● **Input for this task**:
╭──
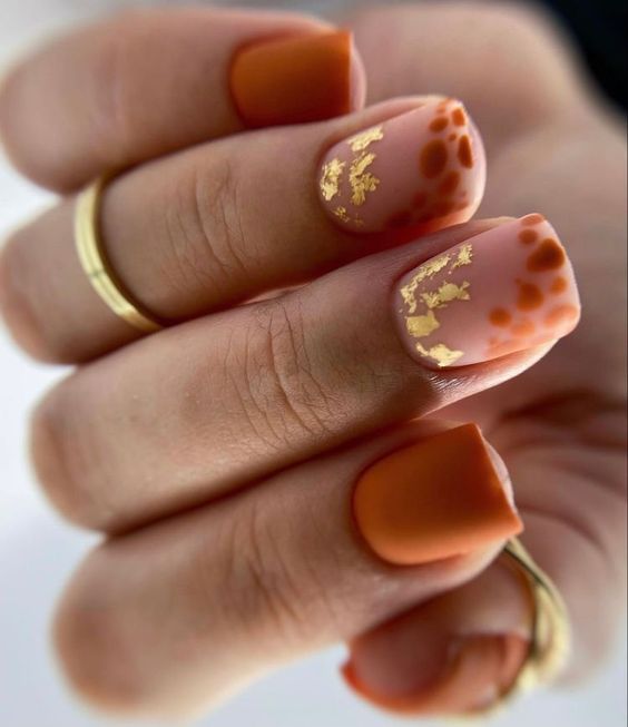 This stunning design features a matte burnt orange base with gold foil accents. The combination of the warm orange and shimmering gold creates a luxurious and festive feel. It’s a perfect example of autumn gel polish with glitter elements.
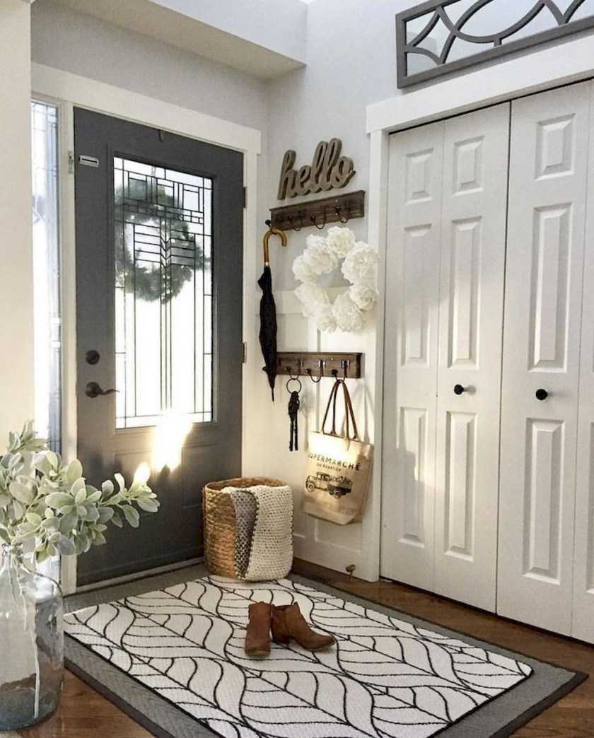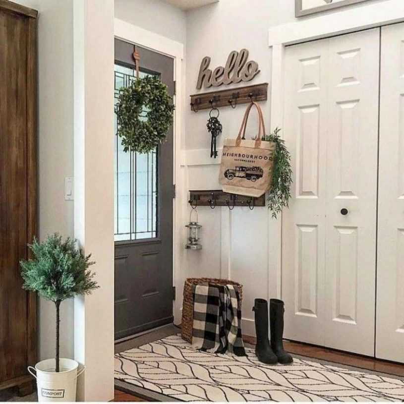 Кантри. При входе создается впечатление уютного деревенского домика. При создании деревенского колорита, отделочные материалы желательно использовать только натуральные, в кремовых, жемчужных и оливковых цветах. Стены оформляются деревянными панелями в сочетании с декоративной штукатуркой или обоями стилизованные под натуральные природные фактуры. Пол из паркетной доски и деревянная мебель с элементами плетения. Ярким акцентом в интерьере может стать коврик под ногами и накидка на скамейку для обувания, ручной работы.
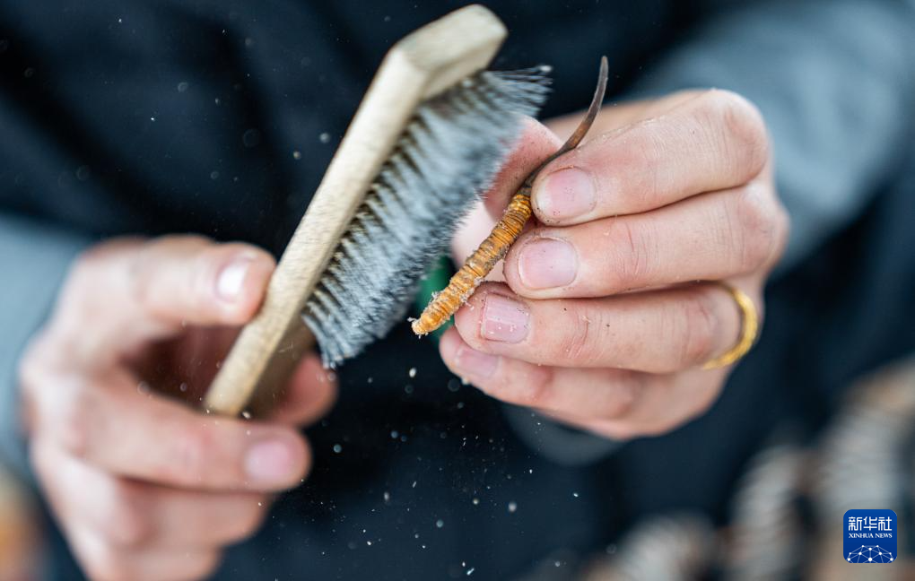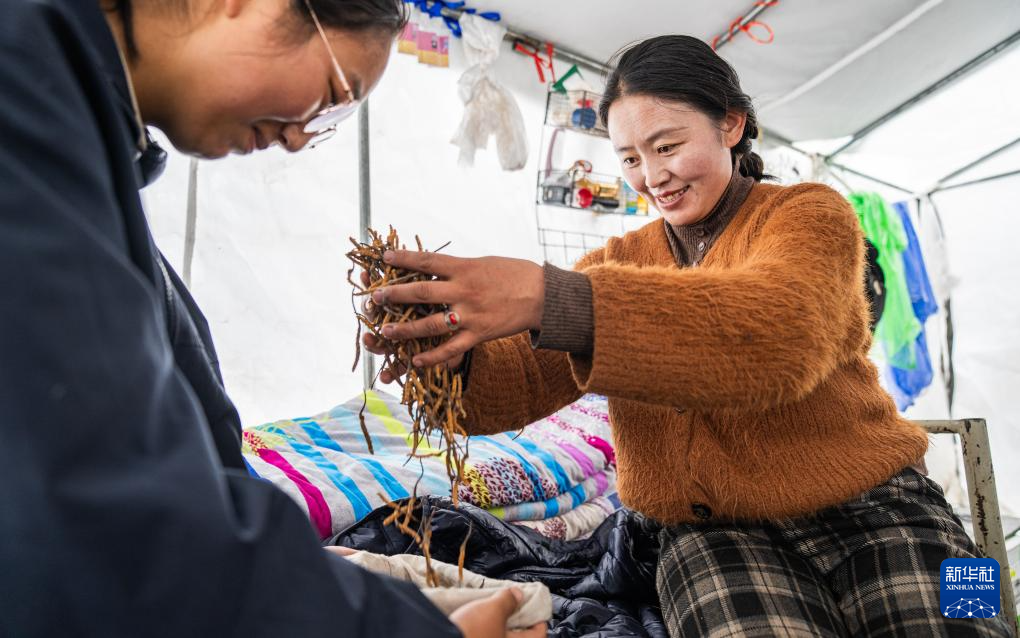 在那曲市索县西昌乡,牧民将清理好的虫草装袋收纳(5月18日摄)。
╰──
╭──
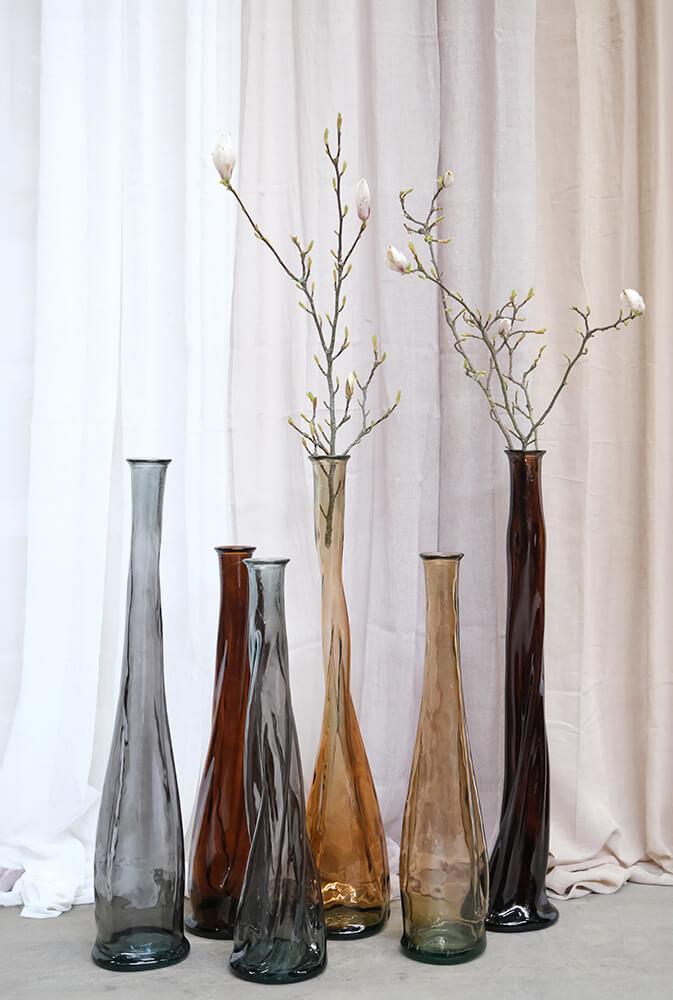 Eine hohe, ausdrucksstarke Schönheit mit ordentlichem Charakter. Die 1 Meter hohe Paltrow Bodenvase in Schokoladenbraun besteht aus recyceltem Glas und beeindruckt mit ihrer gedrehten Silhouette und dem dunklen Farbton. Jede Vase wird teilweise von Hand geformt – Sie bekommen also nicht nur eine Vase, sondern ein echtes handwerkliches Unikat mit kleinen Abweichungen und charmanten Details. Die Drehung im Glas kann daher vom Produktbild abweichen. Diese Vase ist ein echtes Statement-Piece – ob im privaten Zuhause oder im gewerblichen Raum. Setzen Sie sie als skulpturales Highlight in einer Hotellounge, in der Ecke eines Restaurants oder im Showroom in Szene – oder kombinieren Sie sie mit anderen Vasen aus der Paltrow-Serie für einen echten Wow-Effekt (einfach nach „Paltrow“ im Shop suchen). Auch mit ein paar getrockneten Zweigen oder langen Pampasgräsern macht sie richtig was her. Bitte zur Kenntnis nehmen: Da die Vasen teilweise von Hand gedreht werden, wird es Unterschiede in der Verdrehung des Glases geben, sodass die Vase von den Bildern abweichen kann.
╰──
╭──
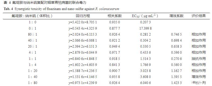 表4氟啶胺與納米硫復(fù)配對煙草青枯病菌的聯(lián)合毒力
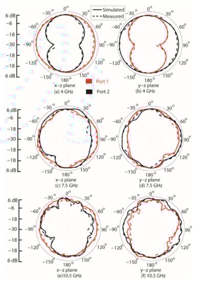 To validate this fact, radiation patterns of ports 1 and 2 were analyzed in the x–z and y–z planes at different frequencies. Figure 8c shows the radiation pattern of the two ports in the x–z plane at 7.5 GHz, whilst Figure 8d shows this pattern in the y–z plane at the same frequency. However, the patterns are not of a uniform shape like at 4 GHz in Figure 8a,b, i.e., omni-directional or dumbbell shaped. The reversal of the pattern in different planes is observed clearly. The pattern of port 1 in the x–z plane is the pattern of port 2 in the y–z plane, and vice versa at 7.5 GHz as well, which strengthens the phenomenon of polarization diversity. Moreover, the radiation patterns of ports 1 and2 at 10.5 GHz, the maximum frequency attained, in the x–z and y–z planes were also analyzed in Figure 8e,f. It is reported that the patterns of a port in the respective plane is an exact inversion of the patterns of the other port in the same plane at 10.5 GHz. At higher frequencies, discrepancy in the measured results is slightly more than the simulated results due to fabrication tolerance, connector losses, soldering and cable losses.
╰──
● **Required action**: Output only the lines above from the one containing "表4氟啶胺與納米硫復(fù)配對煙草青枯病菌的聯(lián)合毒力" to the one containing "To validate this", both included, exactly as written and with no pictures.

● **Written solution**:
 表4氟啶胺與納米硫復(fù)配對煙草青枯病菌的聯(lián)合毒力
 To validate this fact, radiation patterns of ports 1 and 2 were analyzed in the x–z and y–z planes at different frequencies. Figure 8c shows the radiation pattern of the two ports in the x–z plane at 7.5 GHz, whilst Figure 8d shows this pattern in the y–z plane at the same frequency. However, the patterns are not of a uniform shape like at 4 GHz in Figure 8a,b, i.e., omni-directional or dumbbell shaped. The reversal of the pattern in different planes is observed clearly. The pattern of port 1 in the x–z plane is the pattern of port 2 in the y–z plane, and vice versa at 7.5 GHz as well, which strengthens the phenomenon of polarization diversity. Moreover, the radiation patterns of ports 1 and2 at 10.5 GHz, the maximum frequency attained, in the x–z and y–z planes were also analyzed in Figure 8e,f. It is reported that the patterns of a port in the respective plane is an exact inversion of the patterns of the other port in the same plane at 10.5 GHz. At higher frequencies, discrepancy in the measured results is slightly more than the simulated results due to fabrication tolerance, connector losses, soldering and cable losses.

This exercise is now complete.